(Required action) What is needed is an exact reproduction of the lines in the records below, starting at the line with "Plato De Papel" and ending at the line with "総合の授業をはじめ、情報を得", both included, and nothing else; pictures stay out.

[Stored data]
● ● ● ● ● ● ●
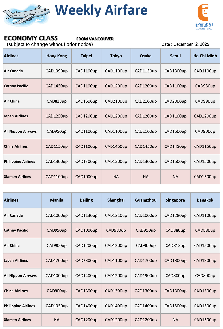 | Economy Class | 24.12.2025 - 24.05.2026 / 15.08.2026 - 06.12.2026 | 31.12.2025 | $1,200.00 up(Including Tax) (Valid in 03 Months) |
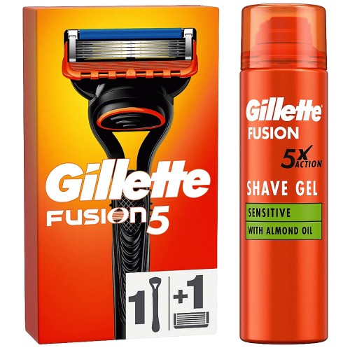 Fusion5 Razor For Men & Gillette Fusion Shave Gel With Almond Oil Bundle
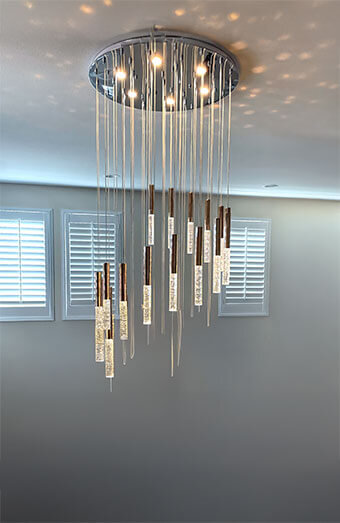 Expert installation of all lighting varieties including pendant lights, recessed downlights, oyster lights, track lighting, and decorative chandeliers for residential and commercial applications.
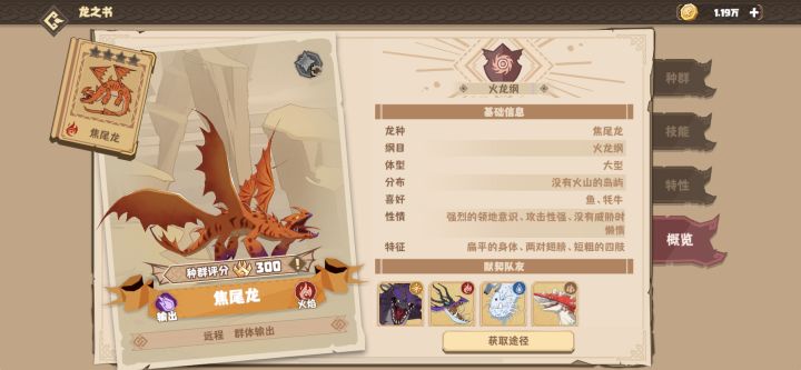 焦尾龙、熔岩龙、尖牙龙、火羽龙、没牙仔,焦尾龙的AOE可以作为前期推图的重要输出。开局50次10连自选抽焦尾龙抽到了记得保存,然后再看能不能抽到属性突出的(异色除了外观不一样,战力上目前没发现任何不同),不同龙的关键属性上会有星号提示。没牙仔签到第二天送,火羽龙作为火系治愈若是不想抽可以直接6元首充获得。
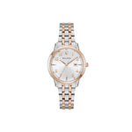 Bulova Classic (Artikelnummer: 96M174) ist eine elegante, schlanke Damenuhr, die minimalistisches Design mit zuverlässiger Technik kombiniert. Das polierte und gebürstete Edelstahlgehäuse wirkt hochwertig und modern, während das weiße Zifferblatt mit Sonnenschliff für eine klare und stilvolle Optik sorgt. Schwarze Zeiger und Stundenmarkierungen setzen einen edlen Kontrast und verbessern die Ablesbarkeit. Das Datumsfenster bei 3 Uhr ergänzt die Bulova Classic um eine praktische Funktion für den Alltag. Im Inneren arbeitet ein präzises Quarzwerk, das die Bulova Classic jederzeit zuverlässig antreibt und eine unkomplizierte Nutzung garantiert.
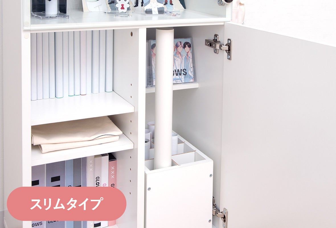 ポスターやスローガン、アルバムも収納でき、スリムタイプではポスター大サイズ(51×72cm)も収納していただけます。ポスター収納部分は間仕切り板を取り外せるため、他のグッズも収納でき、非常に便利にお使いいただけます。
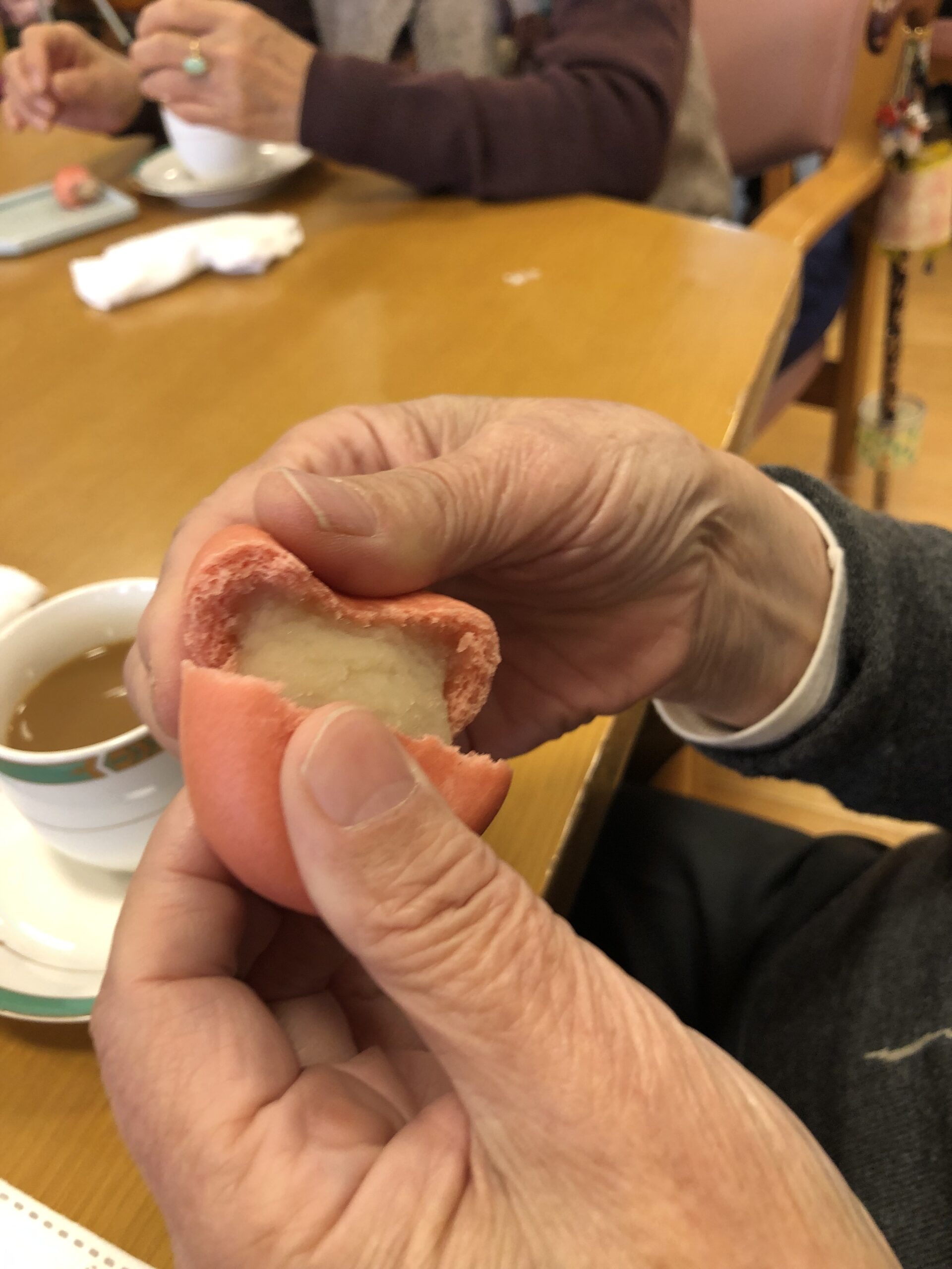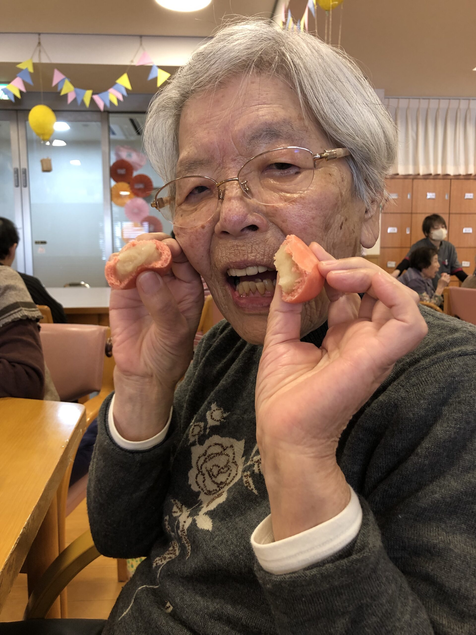 おやつは【ひなあられ】、、、では硬くて食べれない方がいるので、【福まんじゅう】をご用意しました。
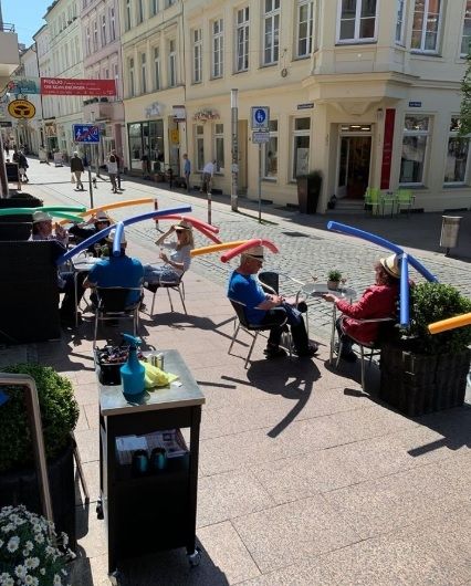 El Café Rothe, ubicado en la ciudad Schwerin, al norte de Alemania ha inventado un ingenioso 'sistema' para que sus clientes mantengan la distancia recomendada (1,5 a 2 metros) como parte del distanciamiento social para evitar la propagación del coronavirus.
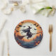 Plato De Papel Bruja en un palo de la luna con murciélagos
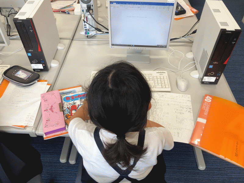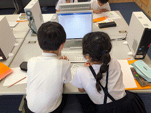 総合の授業をはじめ、情報を得る際などにパソコンを活用できるよう、使い方の学習を行いました。マウスやキーボード、カーソルといった基本的な語句について学習したり、実際に起動してマウスを使う練習をしたりしましたね。今後は、ローマ字をマスターして、自分で入力ができるようになれたらいいですね!
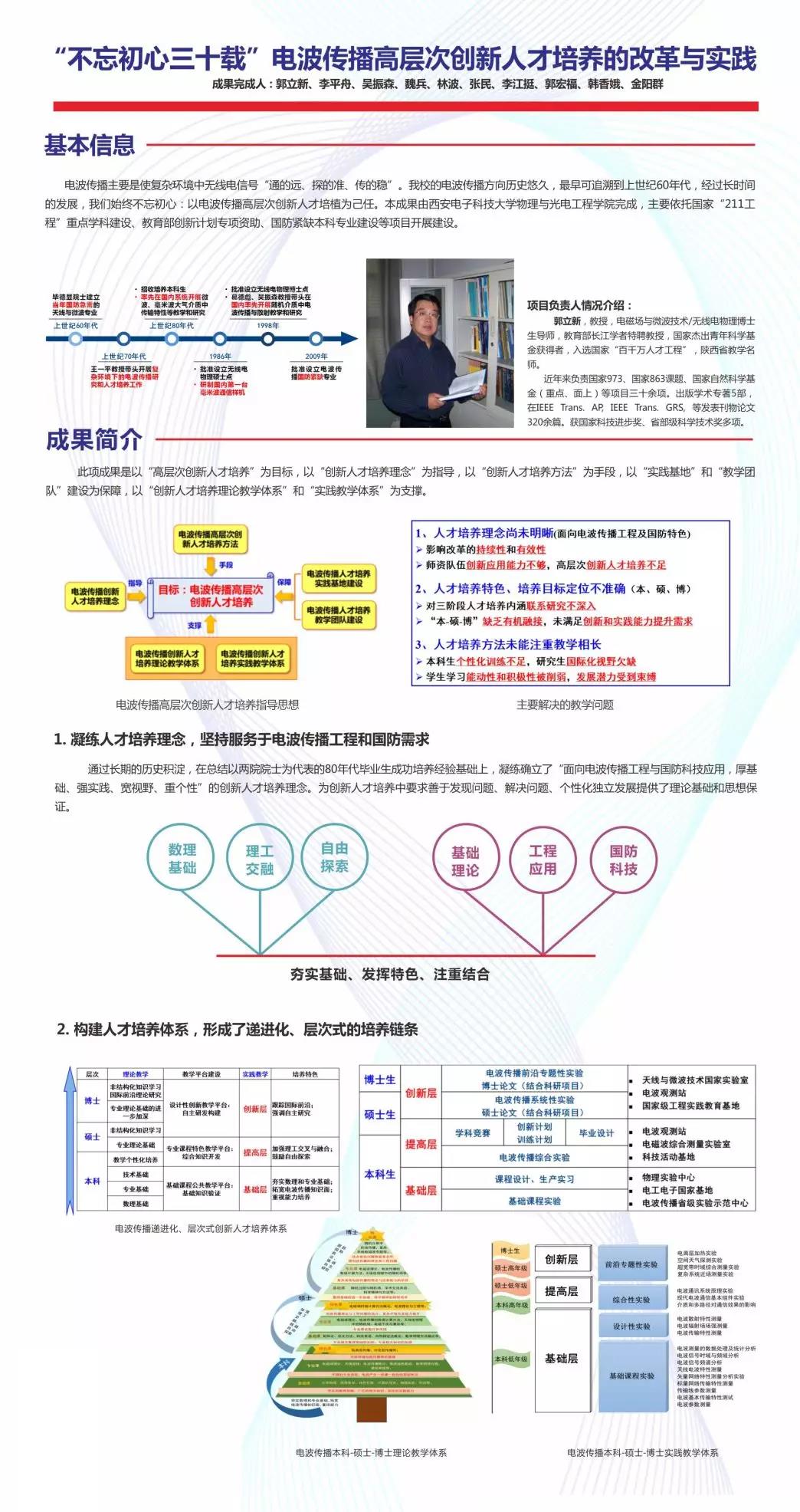 近日,教育部公布了2018年国家级教学成果奖(每四年一届)的获奖项目名单。其中由PA捕鱼郭立新教授等人完成的《“不忘初心三十载”——电波传播高层次创新人才培养的改革与实践》成果荣获二等奖。国家级教学成果奖是由国务院所确定的国家级奖励,是与国家自然科学奖、国家技术发明奖、国家科技进步奖并列的国家级奖项,它代表着我国高等教育教学工作的最高水平。由我校(西电)作为第一完成单位推荐申报的5项成果全部获奖,包括一等奖1项、二等奖4项。
● ● ● ● ● ● ●
(Answer space)
 Plato De Papel Bruja en un palo de la luna con murciélagos
 総合の授業をはじめ、情報を得る際などにパソコンを活用できるよう、使い方の学習を行いました。マウスやキーボード、カーソルといった基本的な語句について学習したり、実際に起動してマウスを使う練習をしたりしましたね。今後は、ローマ字をマスターして、自分で入力ができるようになれたらいいですね!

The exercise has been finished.